On paper — or in Terraform code — this looked flawless. But infrastructure as code is only as good as its runtime behavior. Would it actually scale under load? Handle failures gracefully? That was the litmus test.

Watching Health Checks in Action

After a terraform apply, the stack came to life. The ALB’s DNS name resolved in my browser, serving the Django app. Success! But digging into the AWS Console revealed a hiccup: one instance in the target group was marked “unhealthy.”

Panic set in briefly — was my config broken? Then, the ASG kicked in: it terminated the unhealthy instance and spun up a replacement. The new one initialized, passed health checks after a few cycles, and joined the pool.

The culprit? Bootstrapping time. The user data script took ~2–3 minutes to install Docker, pull the image (a few hundred MB), and start the container. During this window, health checks failed, triggering the ASG’s replacement logic. It wasn’t a bug; it was the system self-healing.

This moment was revelatory. High availability isn’t about perfection — it’s about detection and recovery. The infrastructure wasn’t brittle; it was resilient, proactively addressing issues before they impacted users.

Applying Load with Apache JMeter

Theory validated, now for scalability. I fired up Apache JMeter on my local machine to simulate traffic. Starting with 10 concurrent users ramping to 100, I hammered the ALB endpoint with GET requests.

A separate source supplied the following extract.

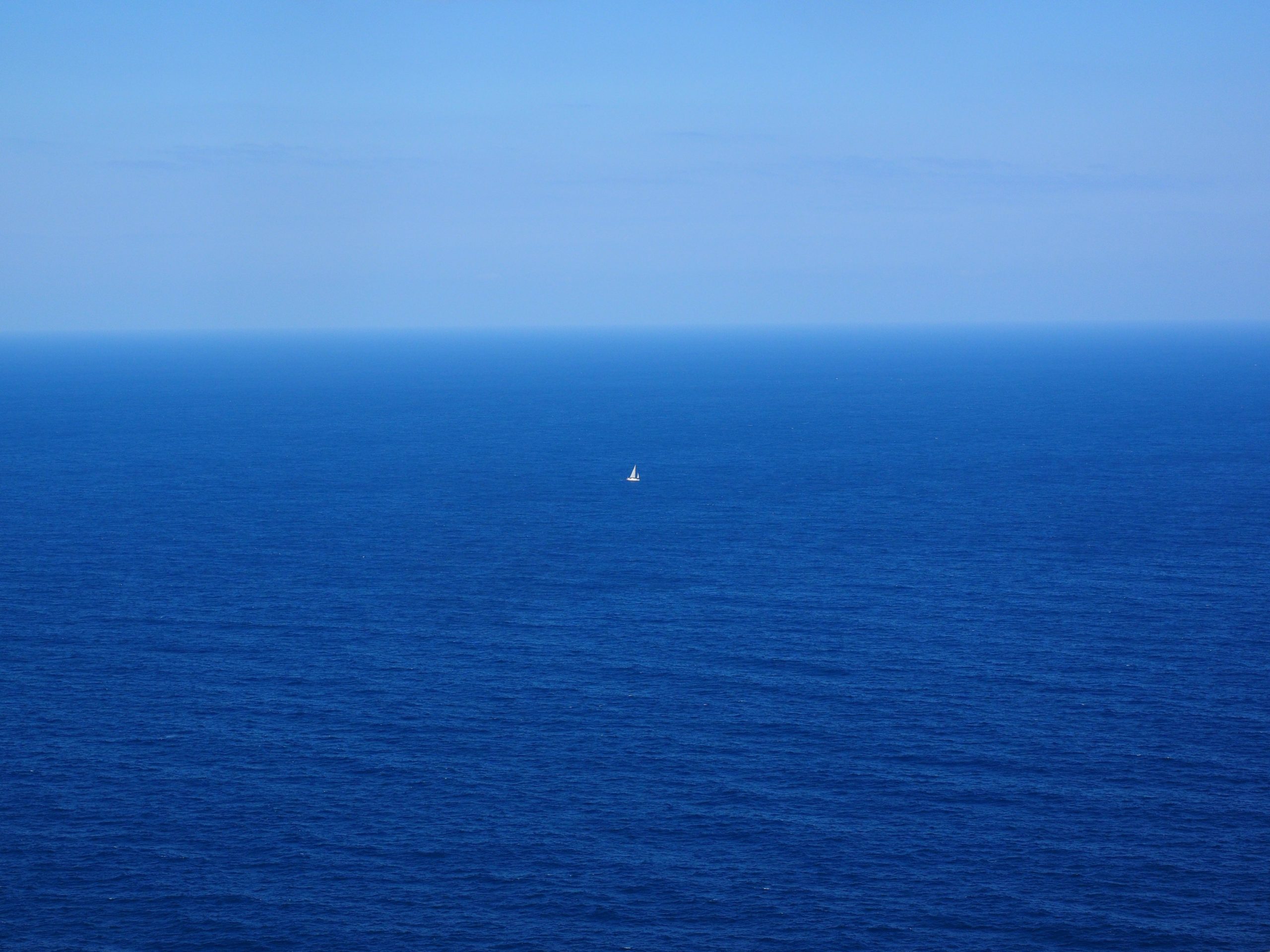 Petit voilier isolé au milieu d’un vaste océan bleu

At first… crickets. No new instances launched. CloudWatch showed CPU peaking at 40% — below my 70% threshold. Lesson learned: Scaling isn’t triggered by “busy-ness” alone; it’s metric-driven. The app was handling the load efficiently, so why add capacity?

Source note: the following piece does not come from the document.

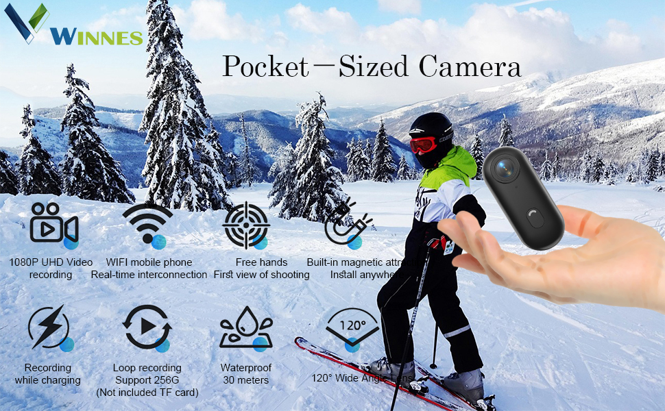 Winnes Mini Thumb Action Camera with 64GB Memory Card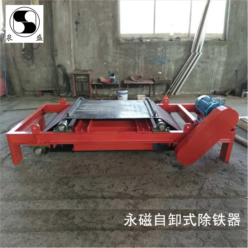 自卸式永磁除鐵器在懸掛式永磁除鐵器的基礎上加裝了一套自動卸鐵機構,在工作時,懸掛在輸送設備上方的除鐵器,通過強大的磁力,吸出混雜在物料中的鐵雜質,被吸到除鐵器底部卸鐵皮帶上的鐵雜質,由卸鐵皮帶拋入集鐵箱中,達到自動清除的目的。自卸式永磁除鐵器能自動清除吸附的鐵雜質,適用于含鐵較多,時常卸鐵的環境。

To force the issue, I temporarily lowered the threshold to 50% and re-ran the test. CPU spiked, alarms fired, and the ASG bumped desired capacity to 3. I watched in the console as the new instance launched, bootstrapped, registered with the target group, passed health checks, and started receiving traffic. The ALB distributed requests evenly, CPU stabilized, and the system hummed.

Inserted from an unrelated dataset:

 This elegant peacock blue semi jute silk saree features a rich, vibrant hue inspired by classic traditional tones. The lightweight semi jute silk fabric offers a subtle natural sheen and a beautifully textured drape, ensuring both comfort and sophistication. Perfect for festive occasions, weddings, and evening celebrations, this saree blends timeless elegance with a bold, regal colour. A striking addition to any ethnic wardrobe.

It was exhilarating — seeing abstract concepts like “elasticity” manifest in logs and metrics.

Observing Scale-In and Connection Draining

Post-test, I halted JMeter. CPU plummeted, triggering the scale-in policy. But termination wasn’t abrupt: The ASG initiated connection draining, giving active sessions (up to 300 seconds) to complete before deregistering the instance from the ALB.

No dropped connections, no user disruption — just a graceful contraction. This underscored controlled scaling: Not just growing, but shrinking efficiently to optimize costs without chaos.

Understanding What “Highly Available” Really Means

Pre-project, I equated high availability with “multiple servers.” Now, I see it as a symphony of interdependent components:

  • The ALB distributes load and enforces health, acting as the vigilant gatekeeper.

  • The ASG monitors and adjusts capacity, replacing failures automatically.

  • CloudWatch metrics and alarms provide the intelligence for proactive decisions.

  • NAT Gateways ensure backend connectivity without compromising security.

  • Private subnets enforce isolation, minimizing attack surfaces.

It’s about clear roles and failover paths. AZ failure? Traffic reroutes. Instance crash? Auto-replacement. Load surge? Scale out. Downtime? Minimal, if any.

The beauty is in the predictability — no heroics required; the system adapts quietly.

Closing the Loop

With testing complete, a terraform destroy wiped the slate clean, reclaiming resources and closing the experiment. This project transformed my perspective: Cloud architecture isn’t rote memorization of services — it’s designing for behavior under stress.

For aspiring DevOps engineers or cloud architects, I recommend this: Build it, break it, observe it. Documentation pales against the clarity of real-time metrics and auto-recovery in action. High availability isn’t a checkbox; it’s a lived experience that builds intuition for crafting truly resilient systems.